- Theatrical release poster
- Directed by: Vinod A. K.
- Written by: Vinod A. K. Mathew Varghese Sunil Gopalakrishnan
- Produced by: Listin Stephen Jasni Ahmed
- Starring: Anunath Rishi Kainikkara Siddharth B. Sujith Prabhakar Arjun Manilal Nikhil Sahapalan Nainita Maria
- Cinematography: Ansar Shah
- Edited by: Deepu Joseph Kiran Das
- Music by: Prashant Pillai
- Production companies: Magic Frames Firewood Shows
- Distributed by: Magic Frames
- Release date: 30 May 2025 (Kerala);
- Running time: 116 minutes
- Country: India
- Language: Malayalam

= Moonwalk (film) =

Indian Malayalam language film

Moonwalk is a 2025 Indian Malayalam-language film directed by Vinod A. K. in his directorial debut starring Anunath, Rishi Kainikkara, Siddharth B., Sujith Prabhakar and Arjun Manilal. The film was released on 30 May 2025. It's title references a dance figure popularized by Michael Jackson.

==Plot==
This movie is set in the 80s. A group of friends gets inspired by Michael Jackson dance and style and tries to adopt his trend.

== Release ==
=== Theatrical ===
Moonwalk was shot in late 2020, and the post-production began in 2021. The teaser of the movie was released in 2020, but the release of the movie was delayed. Later in 2025, Lijo Jose Pellissery and Listin Stephen jointly brought the movie to the theatre. The film finally hit the theatres on 30 May 2025.

=== Home media ===
The digital streaming rights of the film were acquired by JioHotstar and started streaming from 8 July 2025. The satellite rights of the film were bought by Asianet.

==Reception==
===Critical reception===
Gopika Is of The Times of India rated the film 3.5/5 stars and wrote, "Moonwalk is a film that stands out with its theme, performances and simplicity. It can even be called a slice-of-life film, focusing primarily on how dance transforms the lives of a few young men and their families. It also serves as a soulful tribute to Michael Jackson, the entertainer."

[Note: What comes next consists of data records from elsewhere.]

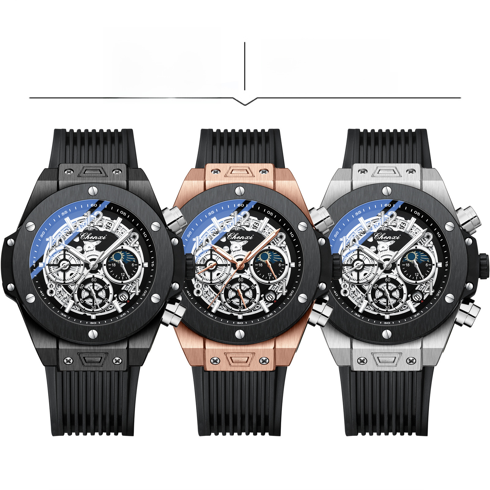 | nameOriginal | Chenxi multi-functional cool men's watch geometric rivet Moon Phase Timing luminous foreign trade cross-border live quartz watch |
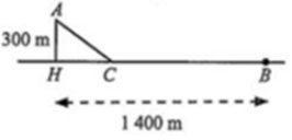 Ví dụ 2: Một người đi bộ xuất phát từ B trên một bờ sông coi là đường thẳng với vận tốc 6 km/h để gặp một người chèo thuyền xuất phát cùng lúc từ vị trí A với vận tốc là 3 km/h. Nếu người chèo thuyền di chuyển theo đường vuông góc với bờ thì phải đi một khoảng cách AH = 300m và gặp người đi bộ tại địa điểm cách B một khoảng BH = 1400m. Tuy nhiên, nếu di chuyển theo cách đó thì hai người không tới cùng lúc. Để hai người đến cùng lúc thì mỗi người cùng di chuyển về vị trí C như hình sau.
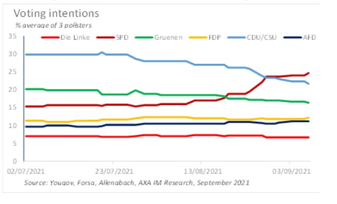 Mit Blick auf die anstehende Bundestagswahl gibt es nach den aktuellen Umfragen zwei mögliche Koalitionen, die bequem über 50 Prozent der Sitze im Bundestag erreichen könnten: Die Ampel (SPD + Grüne + FDP) und Rot-Rot-Grün (SPD + Die Linke + Grüne). Während also ihre Hoffnung auf die Kanzlerschaft selbst in den letzten Monaten geschwunden ist (siehe Abbildung 4), würden die Grünen es trotzdem in die Regierung schaffen, was darauf schließen lässt, dass die Dekarbonisierungs-Agenda nach dem 26. September einen hohen Stellenwert haben wird. Aber wir würden sogar noch einen Schritt weiter gehen: Unabhängig vom Ausgang der Wahlen hat sich Deutschland auf einen "Netto-Null"-Pfad festgelegt, der in jedem Fall einen starken Einfluss auf die Regierungspolitik haben wird.
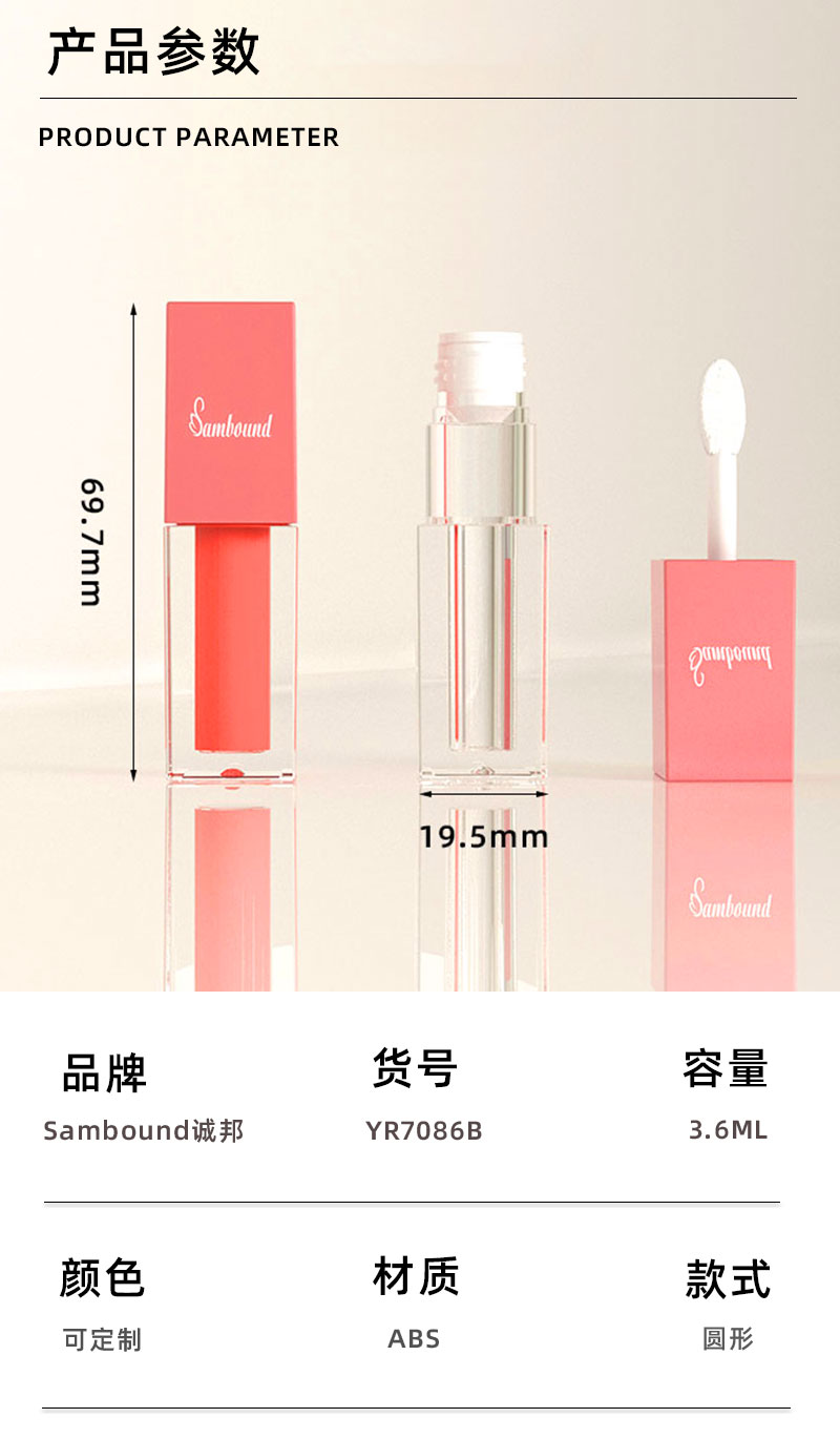 產(chǎn)品名稱唇釉包材產(chǎn)品貨號(hào)YR7086容量3 6ML顏色粉色-可定制材質(zhì)ABS重量32 9g制做工藝注塑 真空電鍍包裝方式單個(gè)OPP袋裝再用紙箱
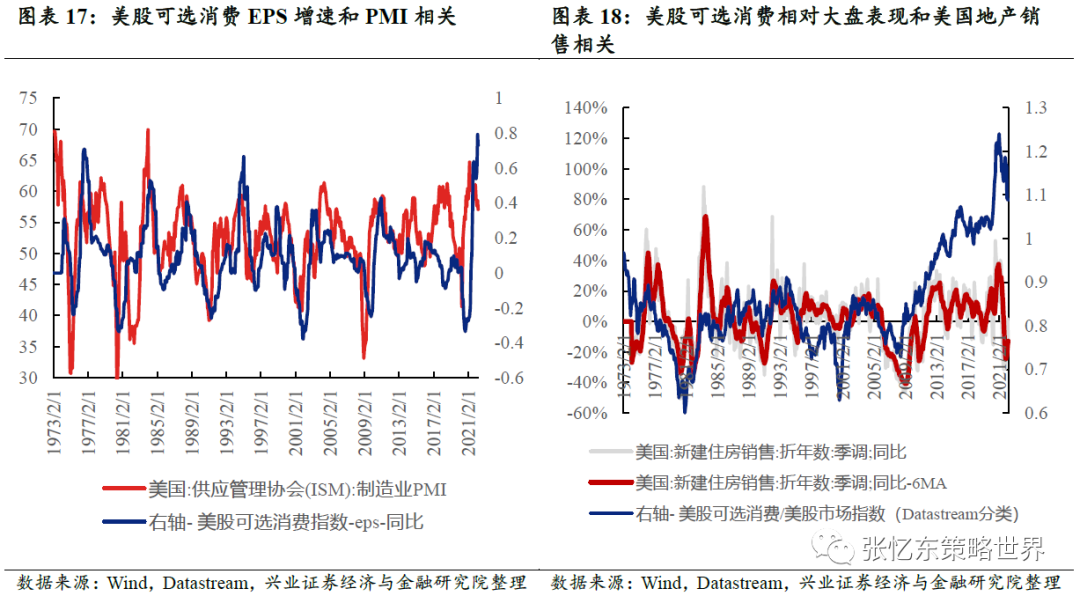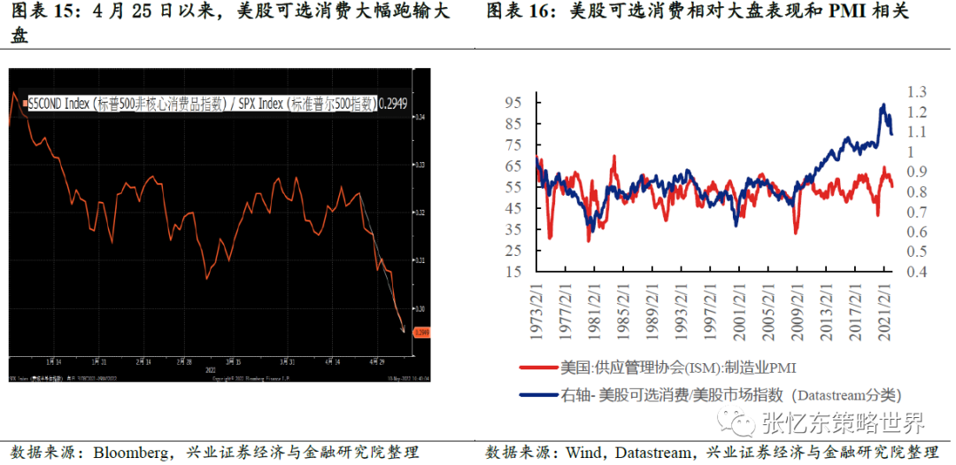 4月底至今美国经济动能回落的迹象初现,美股开始交易经济转弱。4月美国制造业PMI由前值的57.1回落至55.4,3月美国房屋销售反季节性回落。因此,4月25日以来,美股可选消费大幅跑输大盘。历史上,美股可选消费的相对走势与反映美国宏观经济动能的PMI、房地产走势具有明显的相关性。
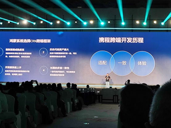大会高潮环节是鸿蒙6.0 Release版本的正式发布。发布环节中,技术专家详细介绍了鸿蒙系统选择CRN跨端框架的四大优势:框架基建成熟且热度高,具备成熟配套体系;历史代码资产庞大,保障业务无缝迁移;开发者能快速上手,降低学习成本;以及长期的多端一致性,实现“一份代码多端运行”。以携程为例,专家展示了该框架在“适配”“一致”“体验”维度的实践成果,凸显了鸿蒙在提升开发效率和用户体验方面的突破。
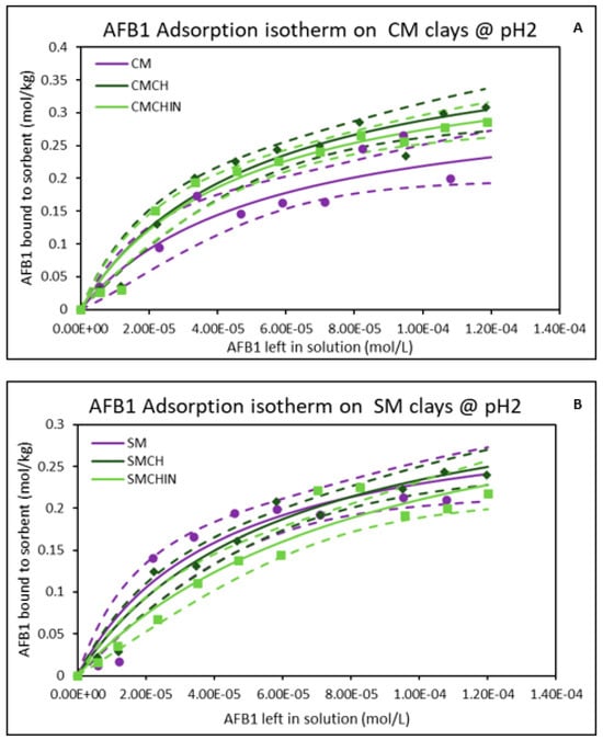 Adsorption isotherms of AFB1 onto binding surfaces of (A) CM-clays and (B) SM-clays at pH2. SMCHin; chlorophyllin-amended sodium montmorillonite; SMCH: chlorophyll-amended sodium montmorillonite; SM: sodium montmorillonite; CMCHin; chlorophyllin-amended calcium montmorillonite; CMCH: chlorophyll-amended calcium montmorillonite; CM: calcium montmorillonite.
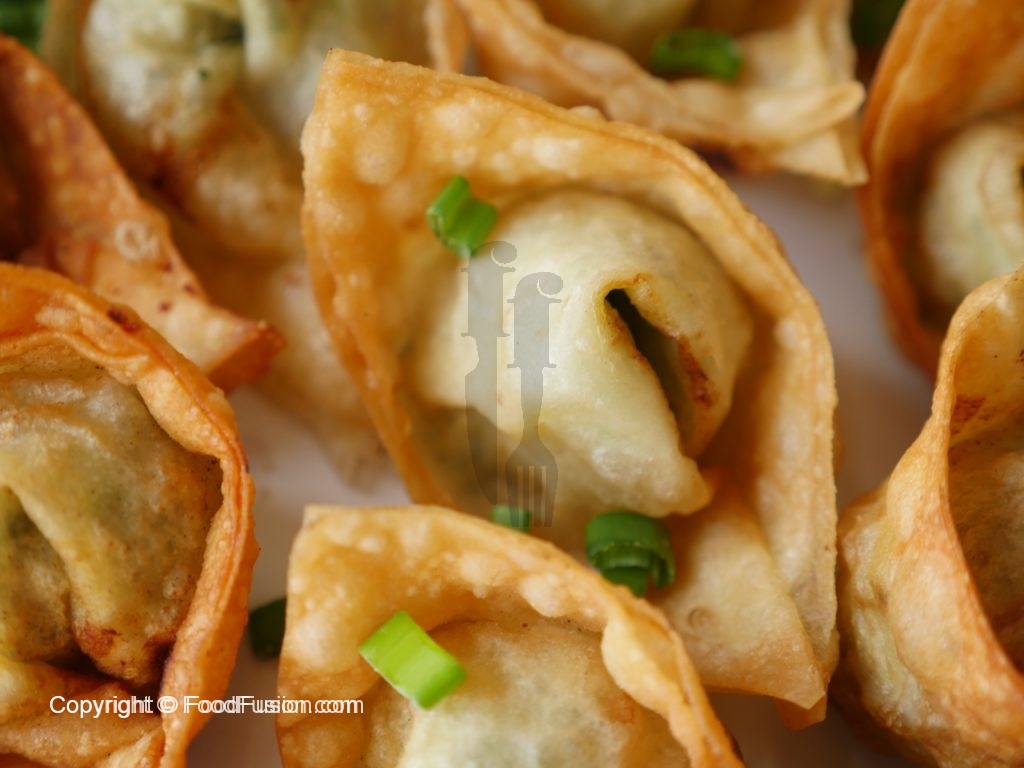 Apply egg on one side of triangle and overlap to form wonton shape (makes 25-30).
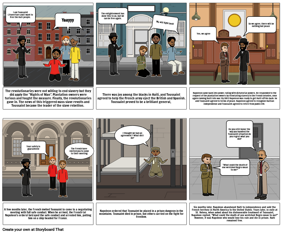 Six months later, Napoleon abandoned Haiti to independence and sold the French territory in North America to the United States. Years later, in exile at St. Helena, when asked about his dishonorable treatment of Toussaint, Napoleon replied, "What could the death of one wretched Negro mean to me?" However, it was Napoleon who would lose his rule and die in prison. Haiti remained free.
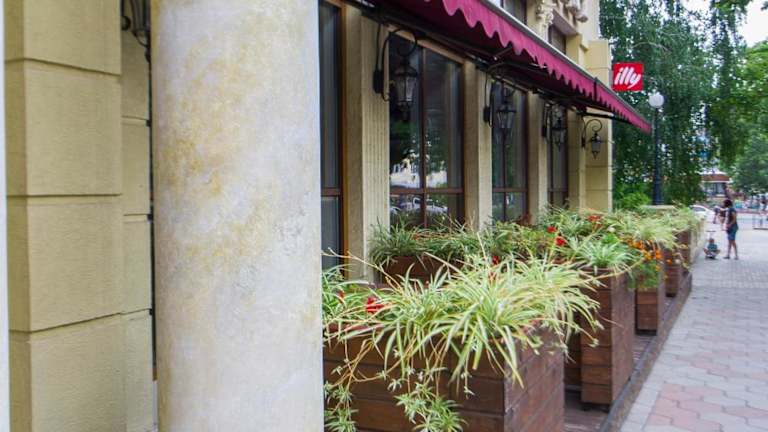Im hoteleigenen Restaurant können die Gäste europäische und ukrainische Küche geniessen. Ein Café vor Ort sorgt für weitergehende Verpflegungsmöglichkeiten. Den Gästen werden verschiedene Snacks und Getränke zur Verfügung gestellt.
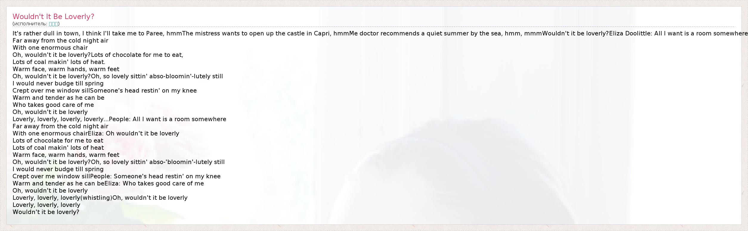 It's rather dull in town, I think I'll take me to Paree, hmmThe mistress wants to open up the castle in Capri, hmmMe doctor recommends a quiet summer by the sea, hmm, mmmWouldn't it be loverly?Eliza Doolittle: All I want is a room somewhere Far away from the cold night air With one enormous chair Oh, wouldn't it be loverly?Lots of chocolate for me to eat, Lots of coal makin' lots of heat. Warm face, warm hands, warm feet Oh, wouldn't it be loverly?Oh, so lovely sittin' abso-bloomin'-lutely still I would never budge till spring Crept over me window sillSomeone's head restin' on my knee Warm and tender as he can be Who takes good care of me Oh, wouldn't it be loverly Loverly, loverly, loverly, loverly...People: All I want is a room somewhere Far away from the cold night air With one enormous chairEliza: Oh wouldn't it be loverly Lots of chocolate for me to eat Lots of coal makin' lots of heat Warm face, warm hands, warm feet Oh, wouldn't it be loverly?Oh, so lovely sittin' abso-'bloomin'-lutely still I would never budge till spring Crept over me window sillPeople: Someone's head restin' on my knee Warm and tender as he can beEliza: Who takes good care of me Oh, wouldn't it be loverly Loverly, loverly, loverly(whistling)Oh, wouldn't it be loverly Loverly, loverly, loverly Wouldn't it be loverly?
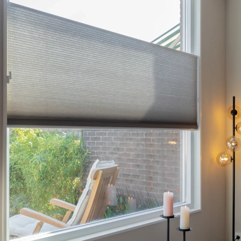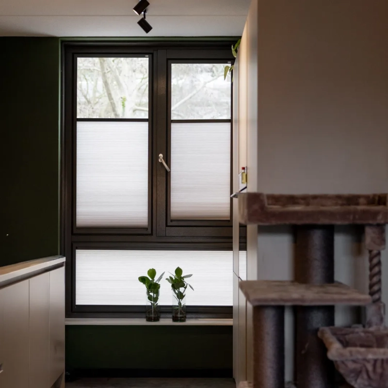 De Splendid Pliss sluit met zijn aluminium frame naadloos aan op het raam en is eenvoudig te plaatsen zonder te boren of schroeven. Het zorgt voor een moderne, strakke look en optimale isolatie. Ideaal voor een comfortabel en sfeervol huis.
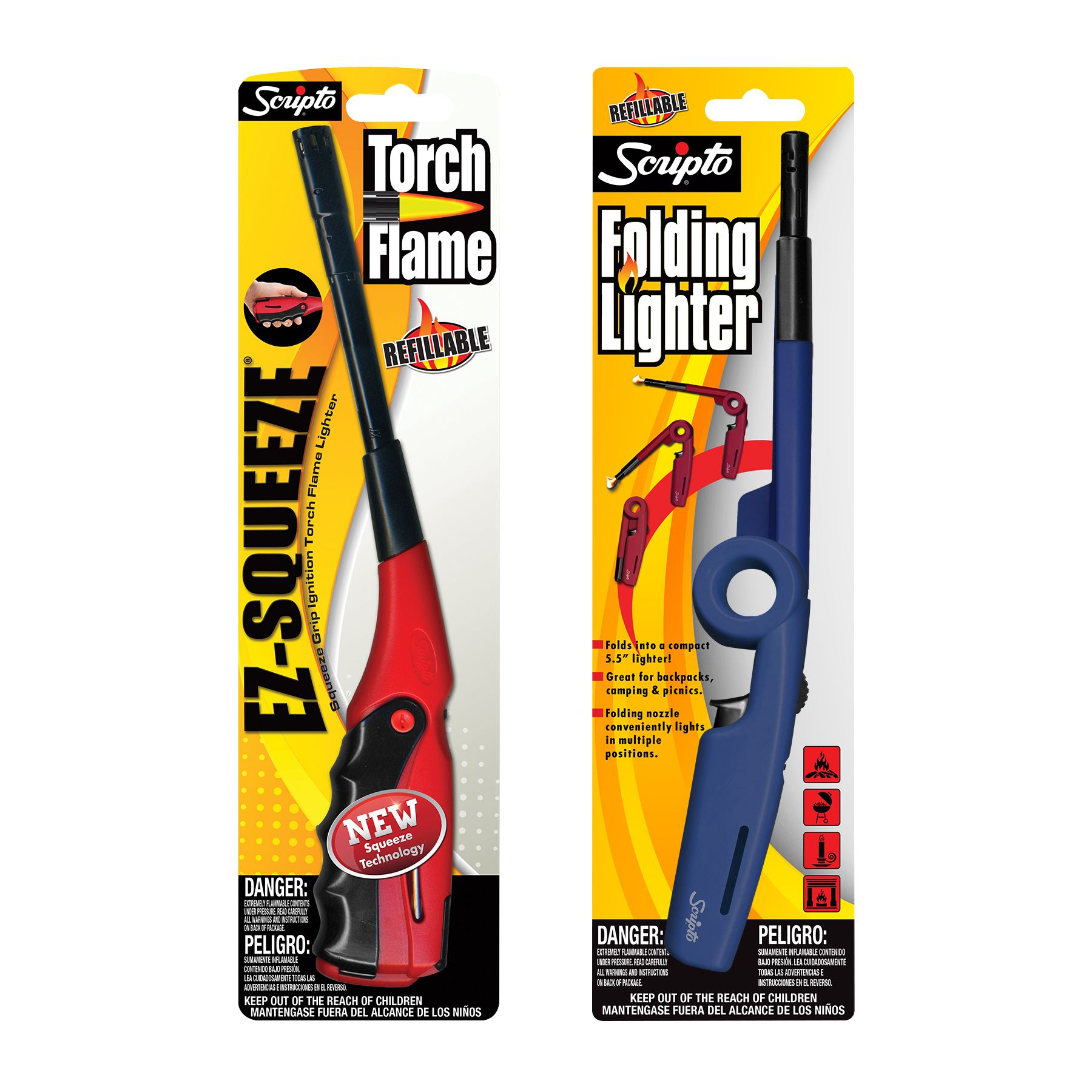The EZ Squeeze Torch utility lighter and folding utility lighter both are built with Scripto's dedication to quality and safety. The folding lighter folds into compact 5.5" for easy storage. It lights in multiple positions. The EZ Squeze torch lights stay lit in windy conditions and have an adult-friendly squeeze mechanism. The items are refillable.

Anandu Suresh of The Indian Express rated the film 3.5/5 stars and wrote, "Vinod AK's dance drama serves as a reminder to prioritise theme, concept, story and script over the male lead’s (almost nonexistent) star value."

Vishal Menon of The Hollywood Reporter India wrote, "Moonwalk is a film that simply brims with life in the way that you've been transported straight into someone’s dearest memories. It's the best kind of nostalgia, made with so much love that you can't help but get with the beat."

S. R. Praveen of The Hindu wrote, "Moonwalk is a heartfelt tribute to a time period and to the breakdancing subculture that ruled the campuses and street venues during that time."

Cris of The News Minute wrote, "Moonwalk owes its title and inspiration to the American king of pop and dancer, Michael Jackson, who managed to sway the film’s protagonists in a faraway Kerala."

Vivek Santhosh of The New Indian Express rated the film 3.5/5 stars and wrote, "A heartfelt celebration of passion and resilience, the film captures the spirit of 80s dance and youth with sincerity, despite some familiar storytelling choices."

Divya P. of OTTPlay rated the film 3.5/5 stars and wrote, "Led by the spirited Sibi Kuttappan, Anunath, Manoj and the rest of the gang, director Vinod AK’s film remains entertaining and engaging from start to finish. Even if you are not an avid fan of breakdance or dance in general, Moonwalk is definitely worth your attention for its honest tale and lively performances."

Swathi P. Ajith of Onmanorama wrote, "Ultimately, Moonwalk isn't trying to be slick or overly choreographed. It's raw in parts, slow in others, but sincere throughout. And sometimes, that's enough."